Modern historians have sometimes used the expression Kamarupa–Kamata for the political transition between the earlier Kamarupa formations and the later polity centred at Kamatapur. The territory controlled from Kamatapur varied over time. Later historical reconstructions associate the polity at its greatest extent with parts of present-day North Bengal, western and central Assam and northern Bangladesh, but the boundaries and intensity of control during its poorly documented early phases remain uncertain. The last rulers were the Khens, who were later displaced in 1498 by Alauddin Hussain Shah, the ruler of the Bengal Sultanate. Though Hussain Shah developed extensive administrative structures, he lost political control to a confederation of Baro-Bhuyan within a few years.

In 1515, Biswa Singha removed the Baro-Bhuyan confederacy and established the Koch dynasty. The Koches were the last to call themselves Kamateshwar (the rulers of Kamata), but due to the far-reaching extensive influence and expansions, the kingdom is sometimes called the Koch Kingdom. In the following century, the kingdom split into Koch Bihar and Koch Hajo. The eastern kingdom, Koch Hajo, was absorbed into the Ahom kingdom in the 17th century. The western portion of the Kamata kingdom, Koch Bihar, continued to be ruled by a branch of the Koch dynasty and later merged with the Indian territory after the independence of India from the British domain. The boundary between Koch Bihar and Koch Hajo is approximately the boundary between West Bengal and Assam today.

==Rulers of Kamata Kingdom==

The political history of the Kamata kingdom region before the rise of the Koch dynasty remains uncertain and is largely reconstructed from traditions and scattered sources. Historians have relied on limited epigraphic evidence alongside later literary works, genealogical traditions, and retrospective chronicles, resulting in reconstructions that remain tentative.

===Traditional genealogy and proposed origin===

The origin of Kamata and the identity of its earliest rulers remain uncertain. A later genealogical tradition, preserved in accounts connected with the ancestors of Sankardev, traces Durlabha Narayan through Pratapadhvaja, Singhadhvaja, Rup Narayana, and Sindhu Rai to a ruler named Sandhya. In the version discussed by K. L. Barua, Sandhya is described as having become Gaudesvara; the tradition does not clearly identify the territory over which Sandhya and his immediate successors ruled.
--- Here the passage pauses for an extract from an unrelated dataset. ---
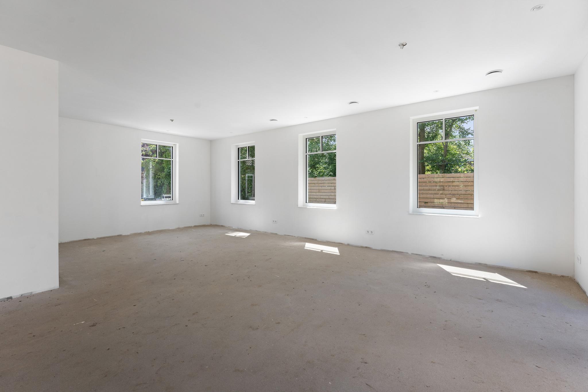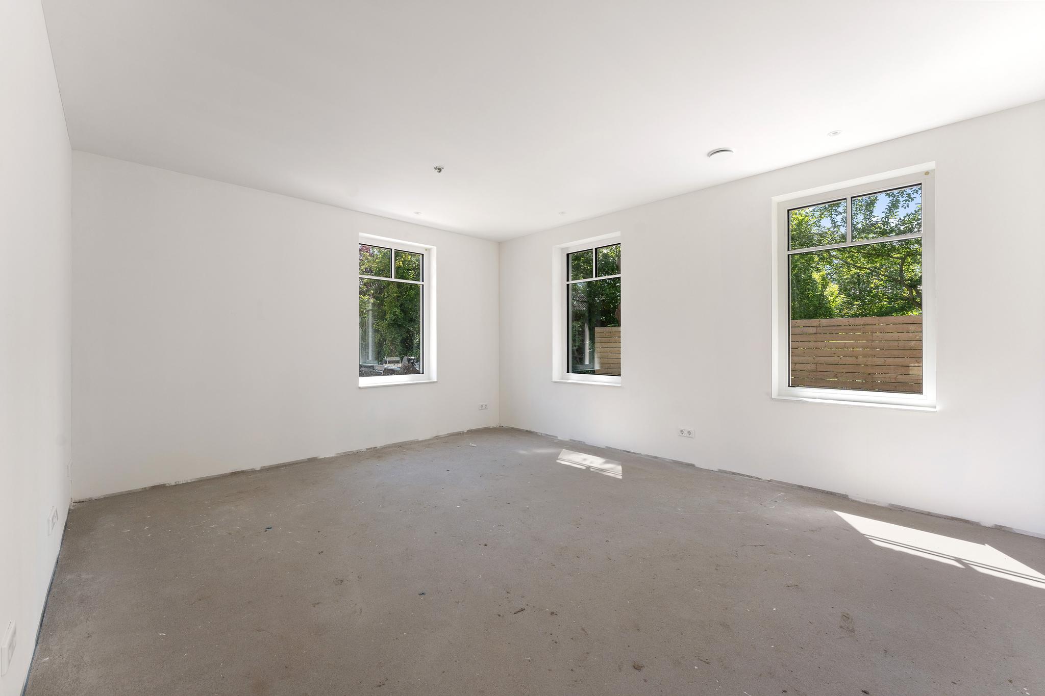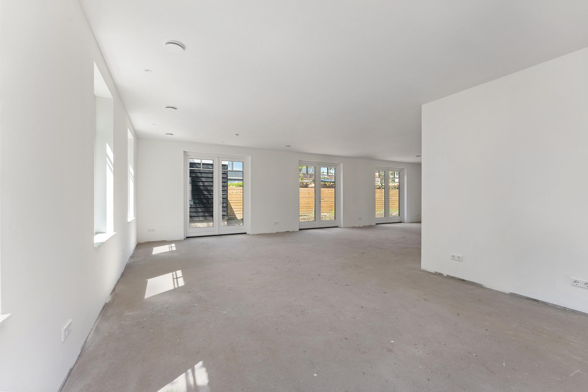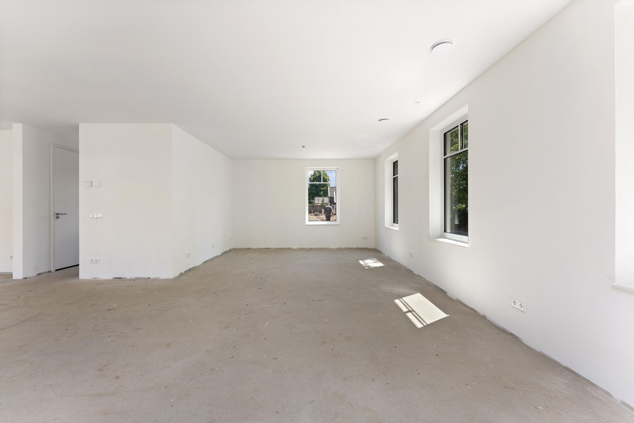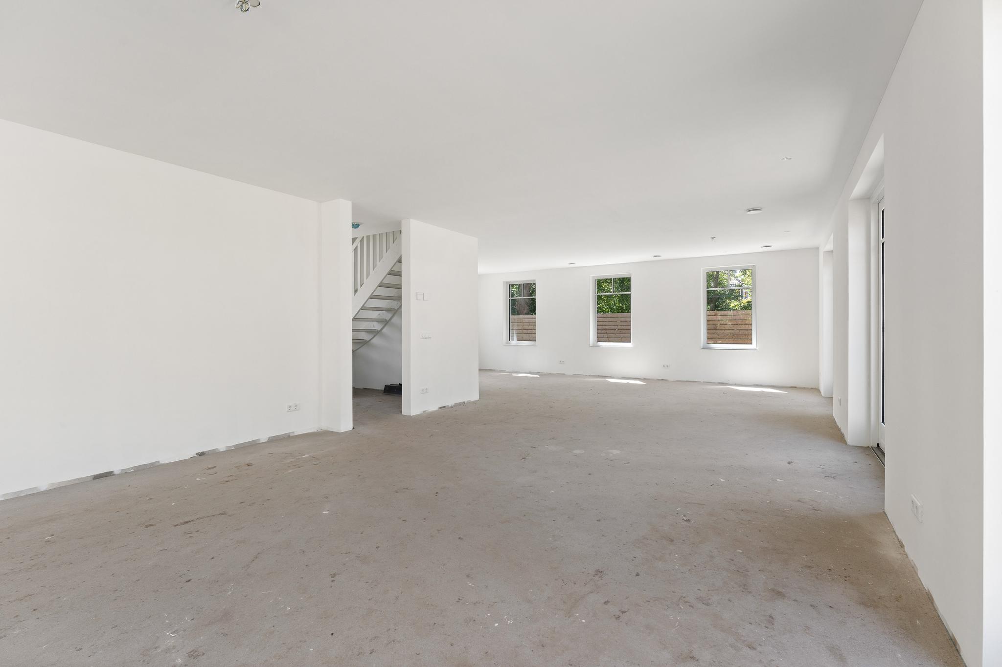 Woonkamer: Op de begane grond vind je een ruime woonkamer. Voor de zithoek is er ruimte aan de voorzijde van de woning en je eethoek plaats je aan de achterzijde, dicht bij de open keuken. De drie openslaande deuren met een leuke t-roedeverdeling maken het contact met buiten gemakkelijk. Heerlijk om deze open te zetten op een zonnige dag. De vloer is geïsoleerd en afgewerkt met een hoogwaardige dekvloer, klaar om te personaliseren met jouw gewenste vloerafwerking. De wanden zijn netjes gestuukt, behangklaar voor jouw interieurstijl en ook het plafond is netjes gestuukt en voorzien van witte inbouwspots.

On the basis of this genealogy, the association of Durlabhanarayana with Kamata in early Assamese literature, and a chronology calculated backwards from the conventional 1449 birth date of Sankardev, Barua proposed that Sandhya transferred the seat of government from Kamarupanagara to Kamatapur after the defeat of Malik Ikhtiyaruddin Iuzbak. Barua presented the proposal tentatively, describing the Guru Charitra account as “rather confused” and stating that the resulting chronology could only be tentatively suggested. Barua also acknowledged the obscurity of Kamata's political history and envisaged its rulers as exercising a loose suzerainty over numerous Bhuyan chiefs, who may have administered much of the country in practice. The traditional succession is not independently corroborated by contemporary inscriptions, coins or chronicles for Sandhya and most of the intermediate rulers. Baniprasanna Misra has questioned the historical use of the progressively elaborated biographical traditions concerning Sankardev, noting that the earliest biographies did not provide the fixed birth chronology later accepted by historians and that supernatural, genealogical and chronological details accumulated in later works. Consequently, the identification of Sandhya as the founder of Kamata and the conventional foundation date of about 1257 represent modern historical reconstructions rather than conclusions directly established by contemporary evidence. The later traditional genealogy names Sandhya, Sindhu Rai, Rup Narayana and Singhadhvaja among the predecessors of Durlabhanarayana. Their identification as successive rulers of a kingdom called Kamata has not been independently established.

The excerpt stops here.